Iron March - Fascist Forum Network Analysis (incomplete)
Introduction
In November 2019, the SQL database for defunct fascist forum Iron March was leaked to the public. Iron March, closed in 2017 for reasons that remain unclear, served as a breeding ground for right-wing political extremism, often edging into terrorism. Analysis of users and patterns found on this forum provides interesting insight into the trends present in the modern far-right through 2017 and may expose vectors for further research going forward.
Data
For this analysis, I’ve pulled all the necessary data directly from the MySQL dump, converting each user’s IP address to a set of estimated coordinates through the IPStack API. From here it’s been exported to CSV and is ready for use.
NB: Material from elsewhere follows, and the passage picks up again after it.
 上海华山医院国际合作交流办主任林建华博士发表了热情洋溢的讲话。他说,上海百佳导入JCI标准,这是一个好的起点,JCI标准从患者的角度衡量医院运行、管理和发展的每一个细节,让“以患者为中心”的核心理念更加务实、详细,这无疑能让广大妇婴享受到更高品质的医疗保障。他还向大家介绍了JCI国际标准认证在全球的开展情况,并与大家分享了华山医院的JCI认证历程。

We’ll start by converting our CSV into a Pandas DataFrame.
members = pd.read_csv('data/core_members_coords_extra.csv', index_col=0)
Let’s get a quick idea of what our data looks like.
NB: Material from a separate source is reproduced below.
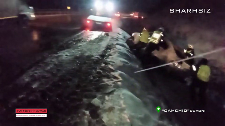 ФВВ қутқарувчилари Қамчиқда хандаққа тушиб кетган Nexia-2'ни олиб чиқди

members.sort_values(by="Member ID").head()
Member ID | Name | IP | Latitude | Longitude | ||
---|---|---|---|---|---|---|
0 | 1 | Александр Славрос | slavros_a@mail.ru | 178.140.119.217 | 55.764408 | 37.636600 |
5 | 2 | PhalNat | illuminatienlightened@hotmail.com | 68.37.21.125 | 42.250519 | -83.172760 |
9 | 3 | Blood and Iron | renegader23@aim.com | 68.10.255.89 | 36.764111 | -76.341103 |
10 | 4 | Mierce | hominemcura@gmail.com | 82.29.169.221 | 52.471390 | -1.735000 |
11 | 5 | Will to Power | tashkentfox@hotmail.com | 90.214.150.70 | 53.810280 | -1.544440 |
Great! This is well-formatted, easy-to-read data. However, it doesn’t tell us much by itself. We want to perform analysis on this data, and I’m particularly interested in two things: generating a clear vizualization of the forum and identifying key figures in the community. Let’s start with a visualization.
Visualization
There are a number of options at our disposal for visualizing our data (in fact, my earliest approach used QGIS and can be found here). For the purposes of keeping this analysis in the Python family, let’s use the geopandas
library. Here, we’ll read in a few geographic datasets for visualization.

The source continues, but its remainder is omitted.